- Promotional poster
- Also known as: Revenge of a Wife; Temptation of Wife; Wife's Revenge;
- Dendam Seorang Isteri
- Genre: Revenge Romance Soap Opera Melodrama
- Created by: Radius One Sdn Bhd
- Based on: Temptation of Wife by Kim Soon-ok
- Written by: Suzanna Zaily Zin Marr Mohamad Lynnda Sharudin Pahzai Al-Khaired
- Directed by: Uchee Fukada Nizam Zakaria
- Creative director: Shahrulezad Mohameddin
- Starring: Fasha Sandha Wan Raja Nad Zainal Aidit Noh
- Theme music composer: Amylea Azizan
- Opening theme: Kesumat - Rian Shain geming jiwa - aufahanie
- Ending theme: Getas - Heidi Moru
- Composer: Amylea Azizan
- Country of origin: Malaysia
- Original language: Malay
- No. of seasons: 1
- No. of episodes: 85

Production
- Executive producer: Hisham A. Karim
- Producer: Shahrulezad Mohameddin
- Running time: 40 minutes
- Production company: Radius One Sdn Bhd

Original release
- Network: Astro Prima (Slot Tiara)
- Release: 21 March – 15 July 2022

Related
- Temptation of Wife (South Korean TV series)

= Dendam Seorang Isteri =

2022 Malaysian television series

Dendam Seorang Isteri (English: Revenge of a Wife) is a 2022 Malaysian television series starring Fasha Sandha, Nad Zainal, Wan Raja and Aidit Noh. This series is a remake from the popular South Korean television series titled "Temptation of Wife". It was aired on Astro Prima, every Monday to Friday, 18:00.p.m (MST) that was broadcast on March 21, 2022 to July 15, 2022.

== Synopsis ==
Amira is an innocent and selfless girl. Hailing from the countryside, she married Harris who is a hedonistic playboy who only thinks about himself. Harris family is a wealthy one, with Harris' father, Mustapha owning a construction firm, Radius Constructions. Together, they live with Mona, Amira's devious, gold-digging mother in-law, Hilda, Harris' sister and Ayu, Mustapha's sister.

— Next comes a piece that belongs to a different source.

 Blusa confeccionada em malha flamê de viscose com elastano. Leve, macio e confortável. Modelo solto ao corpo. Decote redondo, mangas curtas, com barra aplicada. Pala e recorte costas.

Amira is treated like a maid in the house rather than a housewife by her mother-in law and is unable to maintain her good looks due to all the work she done. Her mother in-law consistently repeated that she does not approve her marriage due to them being from a "lowly class". Amira works hard to satisfy everyone except herself. All of this while Harris does not care about her at all.

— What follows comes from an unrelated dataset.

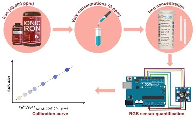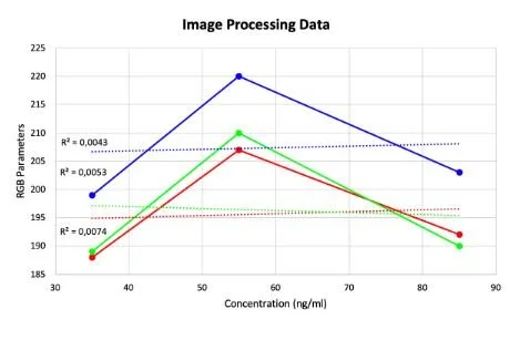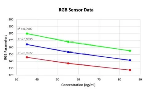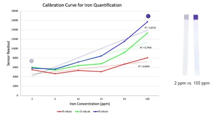 Due to time constraints we were unable to perform testing with an actual lateral flow immunoassay and our chosen biomarkers. Instead, we used solutions with different iron concentrations and commercially available iron test strips. The concept we wanted to prove was that we could use an RGB sensor to quantify the concentration of a substance in a solution based on the darkness of the test result. The iron tests we used gave qualitative results using different shades of blue to correspond to different concentrations of iron. We created solutions with different known concentrations and used the test strip on each solution. We then quantified the darkness of each strip using an RGB sensor connected to an Arduino. We used the solutions with known concentrations and corresponding RGB values to construct a calibration curve that would allow us to determine the concentration in an unknown solution using the RGB values, thus proving our concept. As you can see from the graph on the right the results were quite promising. As the test results were given in shades of blue, we would expect the trendline for the blue values given from the RGB sensor to be the closest to what we wanted which is what we see in the graph. While the results were not perfect they were certainly promising and warrant further testing. For our device in the future, we would need to create these calibration curves for all four of our biomarkers. We would do this by creating solutions with known concentrations of each one, then running the solutions through our lateral flow immunoassay and quantifying the darkness of the resultant test lines using the RGB sensor and Arduino.

Enter Kirana. She's an orphan who lived with Amira's family since childhood. Amira's family thought they had nurtured Kirana with love and care, little did they knew Kirana had an affair with Harris during their marriage and he sponsored Kirana's study in Dubai. Now she's back, but she had to deal with Syafiq, Amira's brother who presumed he and Kirana were an item during Kirana's livelihood with them. Kirana returns to Kuala Lumpur with a plan, a plan that will "disappoint a whole lot of people", said herself to Amira. She held a grudge and felt that she was treated as a maid with Amira's family and does not regard Amira's family as hers. Harris was shocked to see her return but they still meet up behind Amira from time to time. Kirana is a go-getter, and she is eager to publicise her relationship to everyone, bit by bit.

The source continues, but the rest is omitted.